Patients were required to have adequate organ function as defined by the following factors: absolute neutrophil count ≥ 1.5 × 109/L, hemoglobin ≥ 9.0 g/dL, platelets > 100 × 109/L (have not received hematopoietic growth factors, transfusion of blood and blood products ≥ 1 week prior to meeting the eligibility criteria), serum creatinine ≤ 1.5 mg/dL or calculated creatinine clearance ≥ 60 mL/min using the Cockcroft and Gault formula, bilirubin ≤ 1.5 × upper limit of normal (ULN), alanine aminotransferase (ALT) ≤ 3 × ULN, aspartate aminotransferase (AST) ≤ 3 × ULN), PT/INR ≤ 1.5 × ULN, aPTT ≤ 1.5 × ULN.
Patients were excluded for the following reasons: neuroendocrine tumors of the pancreas, brain metastases, prior therapy for stage IV PDAC, known human immunodeficiency virus (HIV) infection, and major surgery <4 weeks prior to the first treatment. In addition, patients with serious or unstable concomitant systemic disorder incompatible with the study such as active infection, arterial thrombosis, and symptomatic pulmonary embolism were ineligible as were patients with any disorder that would significantly compromise protocol compliance.
2.2. Procedures
Nab‐paclitaxel 125 mg/m2 and gemcitabine 1000 mg/m2 were administered on Days 1, 8, and 15 of every 28‐day cycle. Tarextumab or placebo was dosed at 15 mg/kg and administered on Days 1 and 15 of every 28‐day cycle. On days when tarextumab, nab‐paclitaxel and gemcitabine were given, tarextumab was administered first, then nab‐paclitaxel followed by gemcitabine. All agents were dosed until either disease progression or limiting toxicity occurred.
2.3. Statistical analyses
Overall survival was the primary efficacy endpoint of this study and was defined as the time from randomization until death. The hazard in the control arm was 0.09 (median 8 months) and hazard in the tarextumab arm 0.07 (median 10 months). No treatment cross‐over was permitted in the study. The Kaplan‐Meier method was used to estimate both the survival curves and the median survival time. The 95% confidence intervals for median survival times and P‐value for treatment effect were generated using a stratified Cox proportional hazards model.
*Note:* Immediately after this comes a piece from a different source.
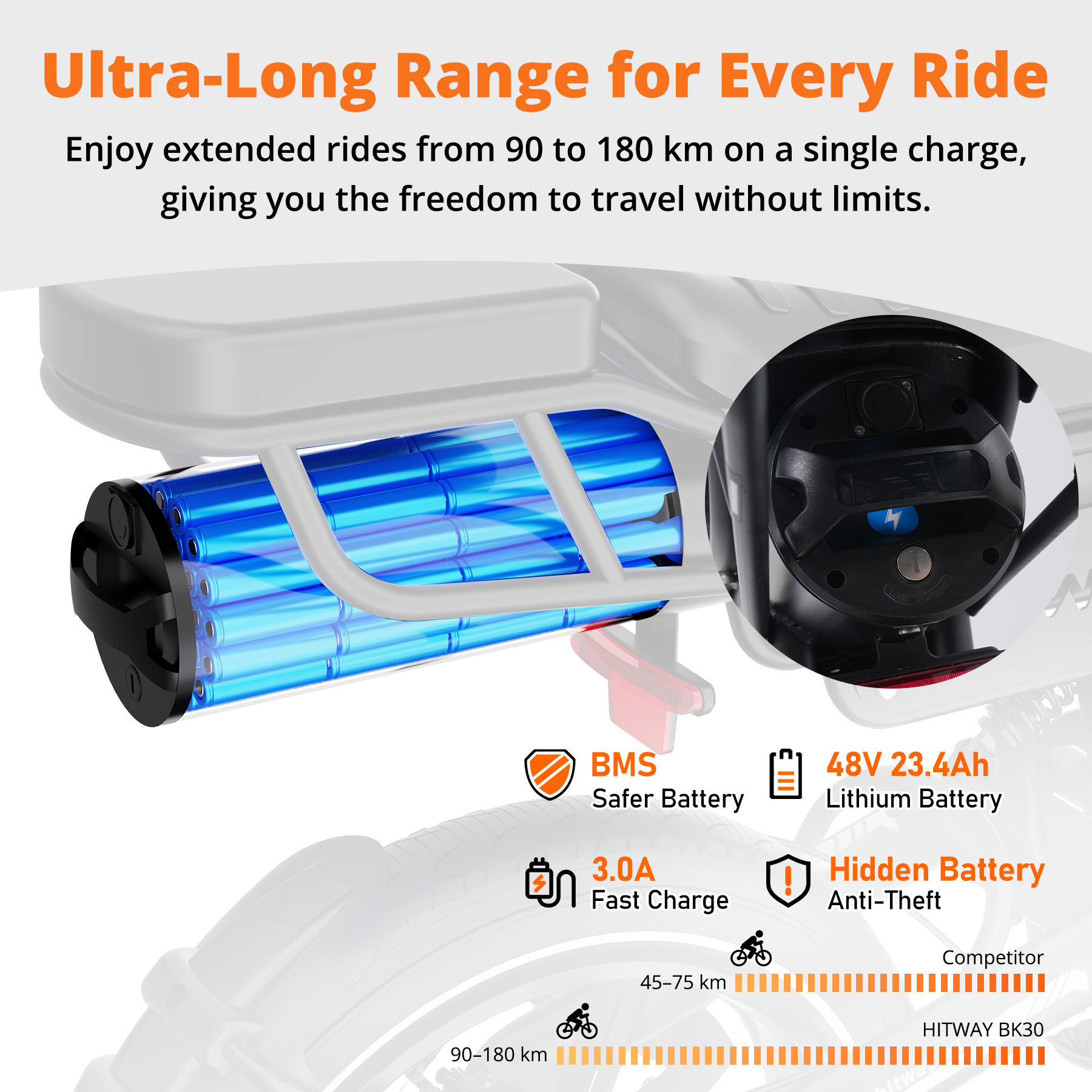 The BK30 electric bike is equipped with a high-capacity 48V 23.4Ah (1123.2Wh) lithium battery, delivering an impressive range of 90–180 km per charge. Its hidden, removable design not only makes charging convenient but also adds enhanced anti-theft protection for peace of mind on every ride.

Final analysis of the study was planned to take place at the point when 104 progression events had occurred or 10 months after the completion of enrollment, whichever occurred first. This would ensure the study had 75% power to detect a hazard ratio of 0.67 (improvement in median PFS from 5.5 months to 8.2 months) and 80% power to detect a hazard ratio of 0.65 (improvement in median PFS from 5.5 to 8.5 months) in the intention‐to‐treat (ITT) population with an associated total one‐sided type 1 error of 0.10. The data cutoff for the final analysis of survival was 6 months after the data cutoff for the final analysis of PFS or when 104 deaths have been observed, whichever occurred first.
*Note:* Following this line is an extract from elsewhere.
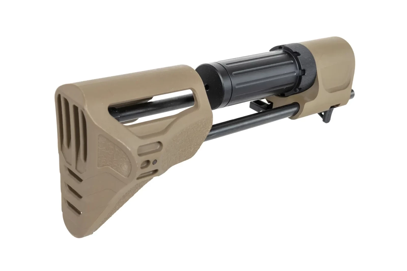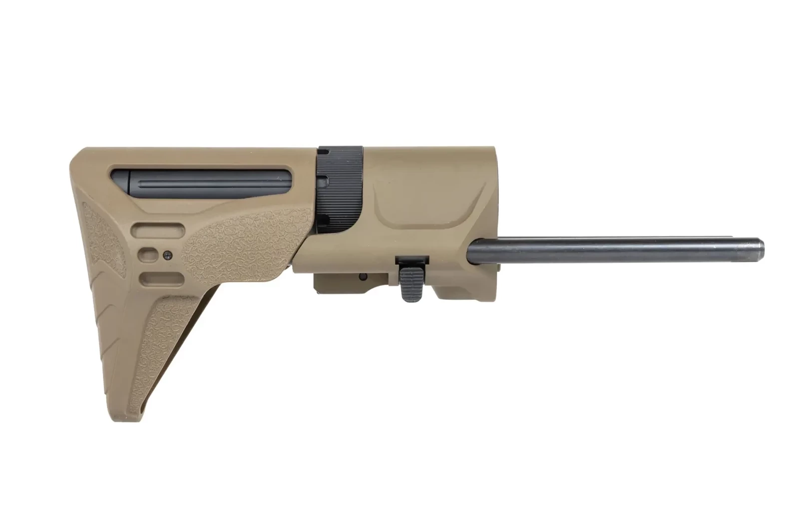 Kolba posiada podwójną blokadę, która uniemożliwia przypadkowe wysunięcie kolby z korpusu. Do odkręcanej atrapy buffer tube można zmieścić akumulator LiPo o wymiarach maksymalnych 15x11x115mm. Przykładowy akumulator: https://gunfire.com/pl/products/akumulator-lipo-7-4v-1200mah-25-50c-t-connect-deans-1152214387.html

Data were combined from all participating study sites for the analyses. All statistical testing was two‐sided and was performed at the 0.05 significance level. For continuous variables, descriptive statistics included the mean, SD, median, minimum, maximum, and the number of non‐missing values. For categorical variables, descriptive statistics included counts and percentages per category.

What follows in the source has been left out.